Slug: I guess arrogant only in the sense that I actually pretend like I believe that people give a fuck about what’s on my mind, ya know what I mean, that’s hip-hop…I guess I tend to, well shit man I don’t remember describing it like that, I must’ve been stoned when I said that. I suppose the personal aspect has rubbed off on me from other people saying that shit, I mean I don’t think my rhymes are anymore personal than Slick Rick’s shit is. I’d like to apologize for ever saying that my shit is personal cause that seems arrogant.
L. Vicious: So how did you and Ant first come about?
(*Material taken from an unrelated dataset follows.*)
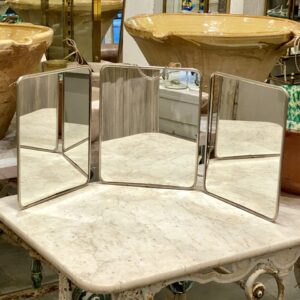 Spejlet kan hæges op og foldes helt ud eller stå en smule foldet. Et dekorativt og stemningsgivende spejl fra omkring 1930-40’erne.

Slug: We met through a rapper named Mustaab, he used to sell me weed. We used to hang out, go to parties and shows and shit. Then one day he asked me to come over to do a song with him, you know a little collab, so I went over to where his producer Ant lived, we did a couple a songs and clicked. Anthony and myself were very work-orientated, focused on trying to get shit done. So over the next couple months we made like 50 songs. To me that was amazing cause me and Spawn used to work like a year to make two fucking songs. That was frustrating to me so when I started working with Ant and saw how productive he was, I realized how much I needed to get with the program.
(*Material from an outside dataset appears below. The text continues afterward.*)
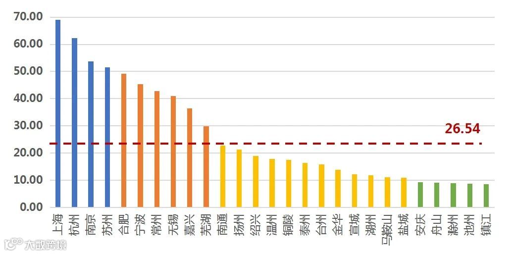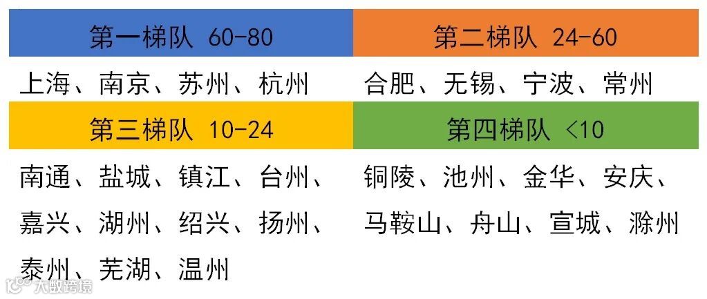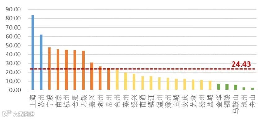 图4.5.1 长三角城市工业互联网生态环境指数梯队分布

L. Vicious: Being raised by a single mother waitress, there’s quite a few tracks on your latest Lemon joint that hit home with me, what was your main inspiration there?
Slug: Officially the whole album was a wrap around story with about six characters but I tried not to make it too obvious cause I wanted every song to stand on its own and have its own resolution. I wanted to negotiate and navigate these people’s lives and how they were relative to each other. For me taking on that little challenge, cause I’m not the greatest of writers, I’m at like an eighth grade writing comprehensive level. So that was like a way out for me with a little help, kind of a secret weapon to accomplish this challenge and focus on people that are relevant to me or things I can relate to. Now granted I’ve never been a waitress but I’ve dealt with lots of ‘em, my girlfriend was a waitress at the time so I had different perspectives of the waitress life.
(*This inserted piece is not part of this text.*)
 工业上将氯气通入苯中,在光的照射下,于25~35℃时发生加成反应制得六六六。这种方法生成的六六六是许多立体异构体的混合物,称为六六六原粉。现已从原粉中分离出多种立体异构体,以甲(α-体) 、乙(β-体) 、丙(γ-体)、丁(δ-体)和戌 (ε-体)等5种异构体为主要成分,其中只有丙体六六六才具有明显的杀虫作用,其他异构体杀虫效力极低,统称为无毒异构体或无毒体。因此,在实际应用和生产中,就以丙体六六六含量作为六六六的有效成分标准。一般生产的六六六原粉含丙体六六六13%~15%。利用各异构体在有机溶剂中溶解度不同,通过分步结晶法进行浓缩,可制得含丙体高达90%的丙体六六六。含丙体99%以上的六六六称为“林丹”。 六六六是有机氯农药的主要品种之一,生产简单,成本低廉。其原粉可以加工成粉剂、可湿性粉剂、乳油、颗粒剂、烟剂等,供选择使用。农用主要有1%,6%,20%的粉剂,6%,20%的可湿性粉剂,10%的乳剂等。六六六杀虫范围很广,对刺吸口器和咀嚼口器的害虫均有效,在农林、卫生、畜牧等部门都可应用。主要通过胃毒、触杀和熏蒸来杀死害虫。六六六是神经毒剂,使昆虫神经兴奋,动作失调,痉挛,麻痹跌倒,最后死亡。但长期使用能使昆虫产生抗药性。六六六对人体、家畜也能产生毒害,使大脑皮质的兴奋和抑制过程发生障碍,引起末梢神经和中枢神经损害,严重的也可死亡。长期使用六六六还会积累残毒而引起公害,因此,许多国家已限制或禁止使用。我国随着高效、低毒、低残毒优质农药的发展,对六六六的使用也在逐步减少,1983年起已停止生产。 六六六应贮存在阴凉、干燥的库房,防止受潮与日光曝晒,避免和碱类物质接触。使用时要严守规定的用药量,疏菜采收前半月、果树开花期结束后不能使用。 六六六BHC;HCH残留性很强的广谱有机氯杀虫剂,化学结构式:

L. Vicious: Ok, Jacob is your son and Craig is your father. Is there anything else you can tell me about “Little Man” cause that track is up there with “Yesterday” and “The Waitress” for me?
Slug: Little Man was an attempt at me trying to take a look at the complaints people have about me and where they stem from. When I wrote that it wasn’t even supposed to be a song at first, it was more of an exercise to do the three perspectives thing where I was trying to figure out why I was the way I was. So I looked at my relationship with my son and with my father, then my relationship to myself. Ant was the one that actually pressured me to put that one on that record.
L. Vicious: Overcast dropped in the late 90’s with all kinds of hip-hop classics, how’d it feel to have a debut album come out in the midst of all this?
Slug: I mean it was an exciting time but to me that wasn’t really my debut album…
L. Vicious: Right, but it was the one that put you on the map so to speak?
Slug: Yeah, I mean timing wise it couldn’t have been any better, it was a time with a backpacker identity, I was still trying to find myself and I fell into the pattern of trying to feed the people what they wanted, so with that record I was kinda filling the different niches that were required in underground rap at the time. I look back on that record and I’m not really proud of it for a lot of reasons. One, is I see through what I was doing, I was merely writing what I thought people wanted to hear as opposed to writing what I really wanted to. Like hey, here’s a song that’s anti-guns, or here’s a song for battle MC’s and here’s a song about a girl, so to me that was a record that I put wanted to put all my influences on. It wasn’t till after that record that I was even able to find my own voice. But what I will always love about it is the timing. The fact that kids, well there not kids anymore but when people come up to me and say hey “that was your best record” I shake their hand and I thank them and I know why you think that, it’s the same reason I think By Any Means Necessary is Krs One’s best record cause I needed to hear it at that time.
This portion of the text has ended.